» **What is being asked**
Find every line in the records below that holds the word "Coordonnées" and copy it.

[Material for this task]

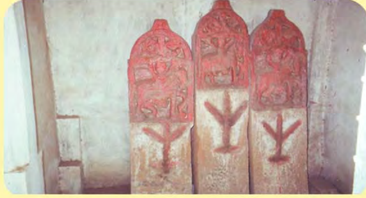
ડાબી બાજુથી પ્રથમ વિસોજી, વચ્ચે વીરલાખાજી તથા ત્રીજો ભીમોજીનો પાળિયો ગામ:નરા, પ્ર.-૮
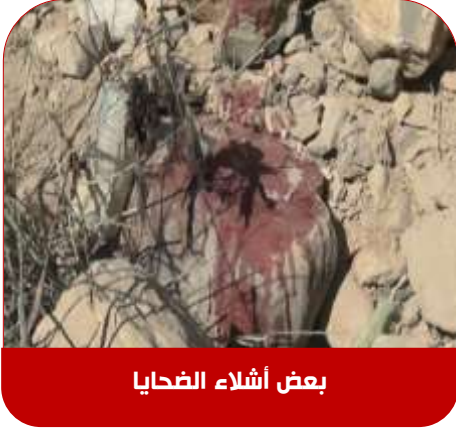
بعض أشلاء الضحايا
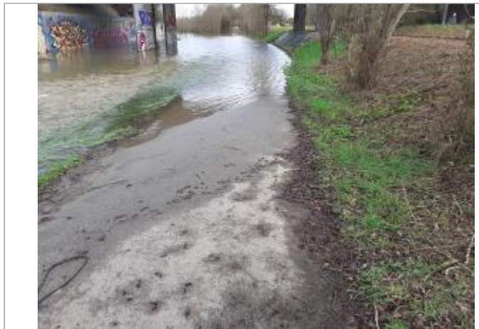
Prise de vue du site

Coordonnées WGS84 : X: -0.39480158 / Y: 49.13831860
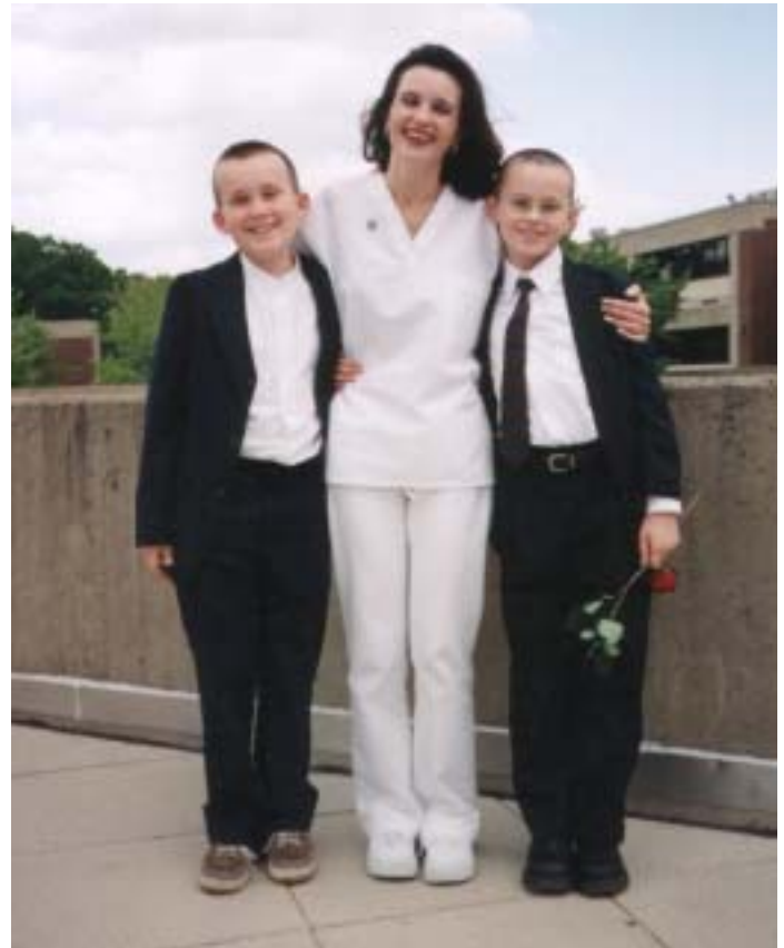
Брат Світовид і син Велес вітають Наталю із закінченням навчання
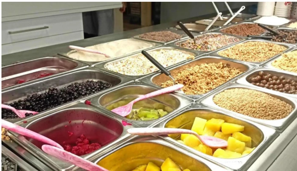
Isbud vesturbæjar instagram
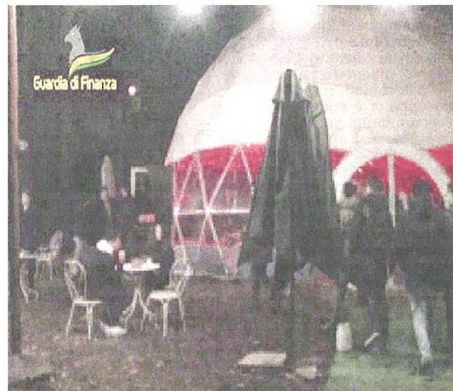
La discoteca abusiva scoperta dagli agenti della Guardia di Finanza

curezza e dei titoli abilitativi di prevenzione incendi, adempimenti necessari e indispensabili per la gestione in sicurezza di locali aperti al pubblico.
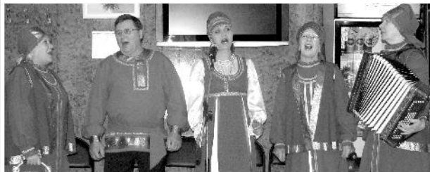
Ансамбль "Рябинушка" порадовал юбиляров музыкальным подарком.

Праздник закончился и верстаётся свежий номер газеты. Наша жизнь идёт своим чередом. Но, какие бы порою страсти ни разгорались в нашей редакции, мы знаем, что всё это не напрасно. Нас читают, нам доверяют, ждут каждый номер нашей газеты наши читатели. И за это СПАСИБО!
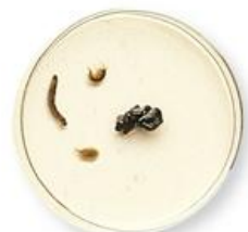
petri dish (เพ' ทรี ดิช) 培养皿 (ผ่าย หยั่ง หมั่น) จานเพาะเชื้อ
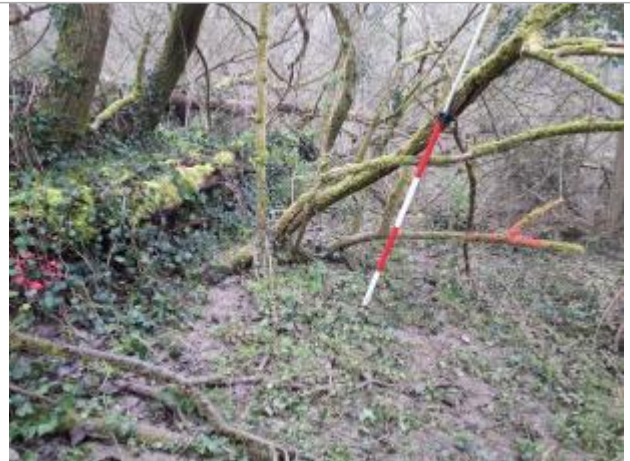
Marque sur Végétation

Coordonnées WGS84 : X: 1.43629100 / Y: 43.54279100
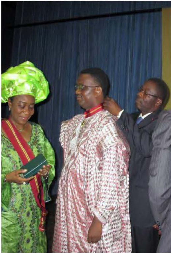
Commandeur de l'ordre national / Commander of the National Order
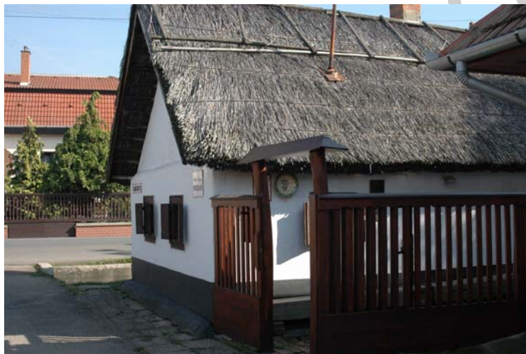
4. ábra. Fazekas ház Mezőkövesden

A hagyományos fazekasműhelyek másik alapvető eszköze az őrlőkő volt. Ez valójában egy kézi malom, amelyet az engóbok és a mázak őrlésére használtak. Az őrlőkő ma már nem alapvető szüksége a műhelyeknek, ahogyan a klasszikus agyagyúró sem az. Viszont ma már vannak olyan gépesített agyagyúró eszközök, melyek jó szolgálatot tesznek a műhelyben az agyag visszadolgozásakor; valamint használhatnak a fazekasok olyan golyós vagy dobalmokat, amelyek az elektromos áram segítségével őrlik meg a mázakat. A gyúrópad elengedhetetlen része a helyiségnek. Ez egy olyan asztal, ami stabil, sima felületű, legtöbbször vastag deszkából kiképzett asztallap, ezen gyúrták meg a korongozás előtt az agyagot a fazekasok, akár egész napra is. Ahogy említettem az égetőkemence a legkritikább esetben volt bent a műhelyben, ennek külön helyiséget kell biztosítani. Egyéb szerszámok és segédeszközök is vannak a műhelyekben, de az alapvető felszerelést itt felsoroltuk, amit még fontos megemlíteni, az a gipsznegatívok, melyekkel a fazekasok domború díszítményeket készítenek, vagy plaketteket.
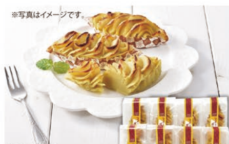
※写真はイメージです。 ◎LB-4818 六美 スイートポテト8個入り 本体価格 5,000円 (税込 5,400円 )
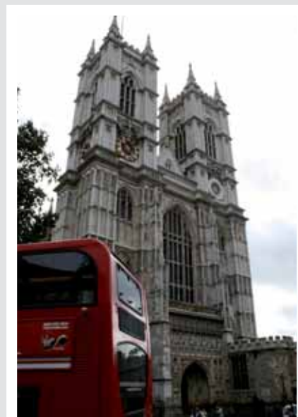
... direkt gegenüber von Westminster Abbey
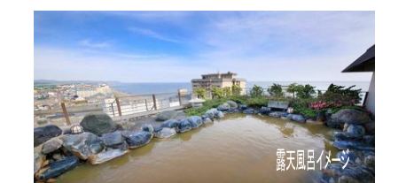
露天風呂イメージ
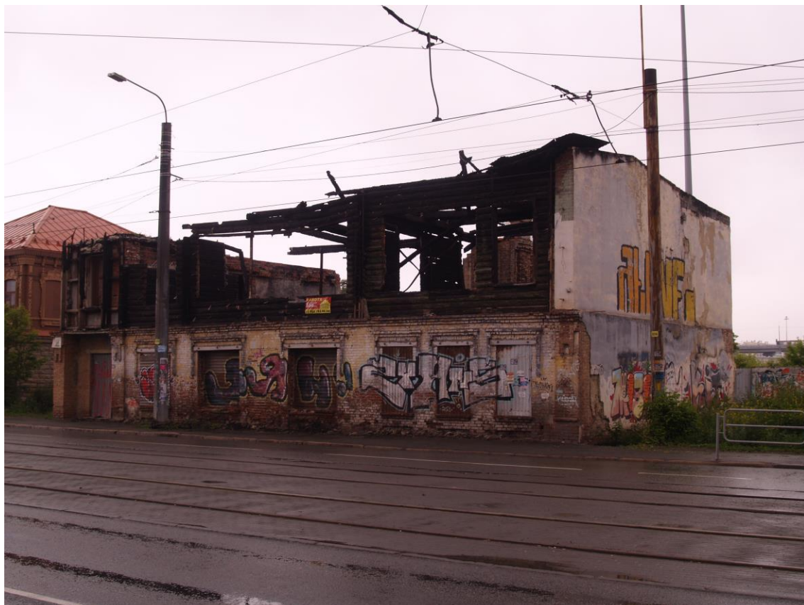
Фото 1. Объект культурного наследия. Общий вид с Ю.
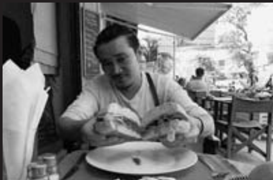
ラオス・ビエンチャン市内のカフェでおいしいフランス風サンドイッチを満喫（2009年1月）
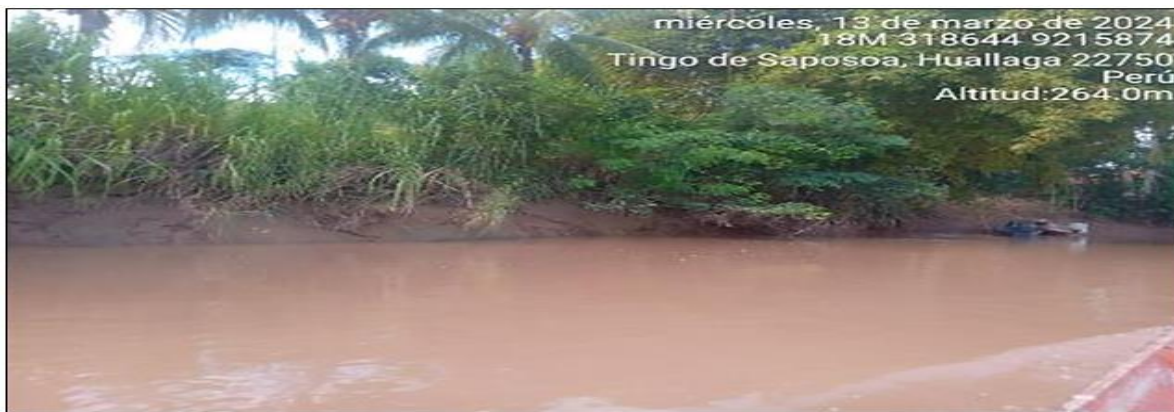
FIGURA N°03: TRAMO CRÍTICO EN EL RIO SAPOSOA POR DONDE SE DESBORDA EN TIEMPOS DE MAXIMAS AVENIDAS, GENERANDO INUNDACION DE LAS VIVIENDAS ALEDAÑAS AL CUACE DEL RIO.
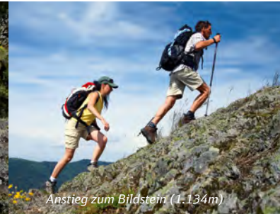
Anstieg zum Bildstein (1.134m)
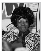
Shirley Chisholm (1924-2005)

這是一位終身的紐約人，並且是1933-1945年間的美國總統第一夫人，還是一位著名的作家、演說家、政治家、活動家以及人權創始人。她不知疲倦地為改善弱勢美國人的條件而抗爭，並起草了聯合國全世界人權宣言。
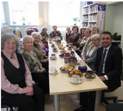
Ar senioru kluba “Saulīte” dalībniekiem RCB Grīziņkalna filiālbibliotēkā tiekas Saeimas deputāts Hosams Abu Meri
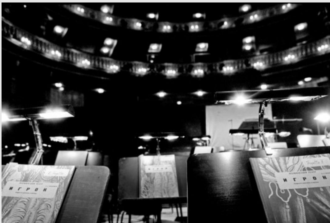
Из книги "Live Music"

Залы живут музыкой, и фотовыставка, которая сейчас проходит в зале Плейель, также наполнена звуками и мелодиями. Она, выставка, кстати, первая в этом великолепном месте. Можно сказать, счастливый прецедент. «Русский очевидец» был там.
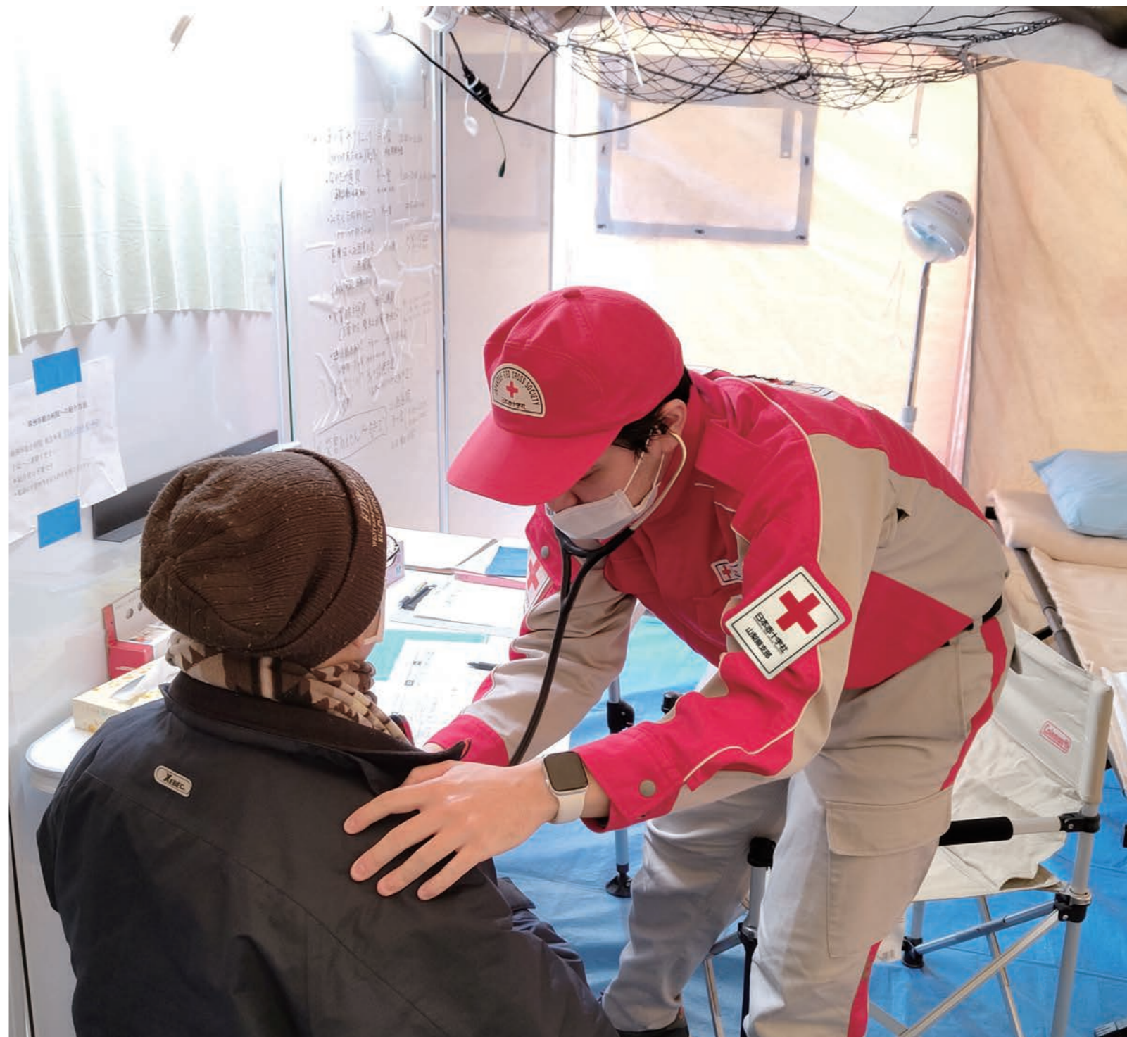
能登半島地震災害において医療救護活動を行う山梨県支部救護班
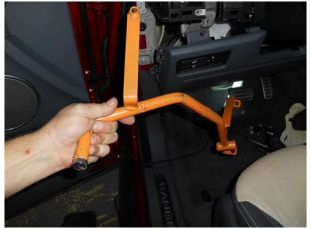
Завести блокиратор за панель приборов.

[/Material for this task]

» **Completed exercise**
Coordonnées WGS84 : X: -0.39480158 / Y: 49.13831860
Coordonnées WGS84 : X: 1.43629100 / Y: 43.54279100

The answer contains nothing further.